Tuesday, 15 May 2007

Asian bubble trouble

Yes I've joined the chorus of pundits warning of the impending bubble that is reaching exponential proportions in China. I came across an interesting article over at Market Clues on the state of the Shanghai stock market worth pondering. If the following doesn't sound like a bubble I don't know what does.

China Stock Bubble About to Burst

It appears that the bubble in the Chinese stock market is finally becoming a concern as Goldman Sachs is warning that:

"It is now a critical time for the government to take action and prevent the excess from building up further."

Here are some interesting factoids about the Chinese stock market:

* The total value of all stocks on the Shanghai Exchange exceeds the value of all other Asian stock exchanges combined -- including Japan, the second largest stock exchange in the world.

* The Shanghai Index has quadrupled in the last 22 months.

* PE Ratios are in the 40-50 range.

* Goldman Sachs economist Hong Liang said new stock account openings in the month of April totaled 4.79 million, exceeding those of 2005 and 2006 put together. About 17% of total accounts were opened in the past four months.

* Beijing is aware of the risks, and over the weekend, Gov. Zhou Xiaochuan of the People's Bank of China told reporters that he, too, is concerned about a possible bubble forming in the stock market.

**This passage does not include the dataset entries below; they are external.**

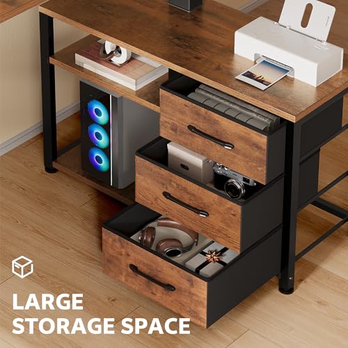 - [Large Storage Space] L shaped electric standing desk features 3 spacious fabric drawers and 2 open shelves, meeting your diverse storage needs. Drawers store documents, books, and office supplies, while the movable open shelves fit a PC tower, decor, etc.
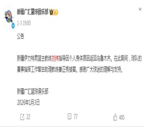新疆伊力特男籃主教練劉煒指導(dǎo)因個(gè)人身體原因返回烏魯木齊。在此期間,球隊(duì)的賽事指揮工作暫由助理教練姜正秀接替,感謝廣大球迷的理解與支持。
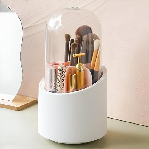 Generic - حامل ادوات المكياج - كوب دوار ابيض متين للفرش، مقاوم للغبار والماء، يناسب سطح المكتب والحمام لسهولة الوصول
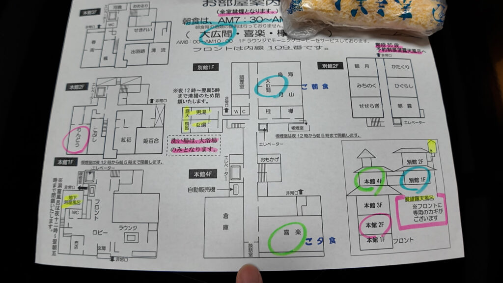 能登屋旅館には本館と別館があり、本館は川側で、別館は山側の棟となり、本館の4階が別館の1階と渡り廊下でつながっています。
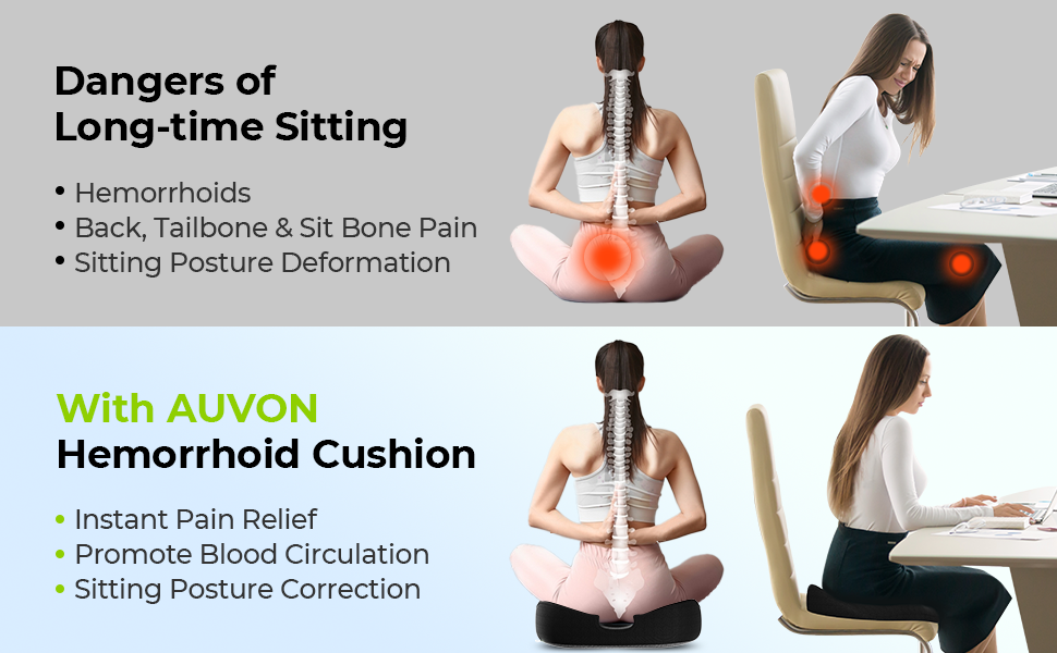 - Premium Memory Foam, Never Flatten. The doughnut pillow adopts high-density memory foam instead of cheap polyurethane foam and offers lasting support and temperature-sensitive contouring to relieve bottom pressure and hemorrhoid pain. Choose AUVON coccyx cushion to start your comfortable and healthy sitting experience.
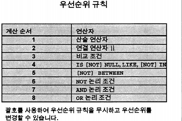 'NOT' 연산자의 경우 위 그림처럼 사용한다. 사용할 때에는 5일차에 배웠던 '다른비교조건'의 4가지 구문과 함께 사용한다. (한가지 주의는 'IS NULL'의 경우 NOT이 앞에 붙지 않고 중간에 붙는다.)

If it were possible to let the air out of a bubble slowly, of course that would be the right course of action. However, at this stage of overvaluation, that's not possible. Probably the only way the government could prevent a crash is to shut the market down completely for some period of time (say, a few years). That isn't really practical and would likely be a cure worse than the disease. There's really nothing good that can come out of the situation, so just expect a crash sooner or later.

The last time the Shanghai market had a 10% correction in February, it quickly pulled the rest of the stock markets around the world down with it. Since then, just 3 months later, Shanghai is now 33% above the level it reached before that correction, after having pulled stocks higher along with it worldwide. No doubt, a much large correction will happen this time and it will have a much stronger impact on the rest of the planet's stock markets. In fact, it may have already started. And, it will come at the worst possible time for the US stock market, which has been pushed to an extreme of overvaluation by Yen-carry loans to fund private-equity buyouts of public companies and massive share buybacks by corporations.

The US market fell sharply Thursday. More troubling was the fact that option speculators bought call options on the dip. Normally, option specs buy puts on dips because they expect the market to continue down. Only very rarely are they so bullish as to actually buy calls, expecting the market to immediately turn around and rally to a new high before those calls lose a substantial amount of value (options are a wasting asset which decay with every tick of the clock and if a market doesn't move quickly in the "right" direction, they fall in value). In fact, we can only recall one other time when the option speculators bought calls on a dip. That dip was the one which followed the absolute high in the S&P 500 Index in March 2000. If the market is able to rally back here to a new high -- and we certainly wouldn't be surprised by such behavior -- it would indicate that the top being built now is a larger degree top than even 2000. And, of course, we know that last top was followed by an 80% decline in the NASDAQ.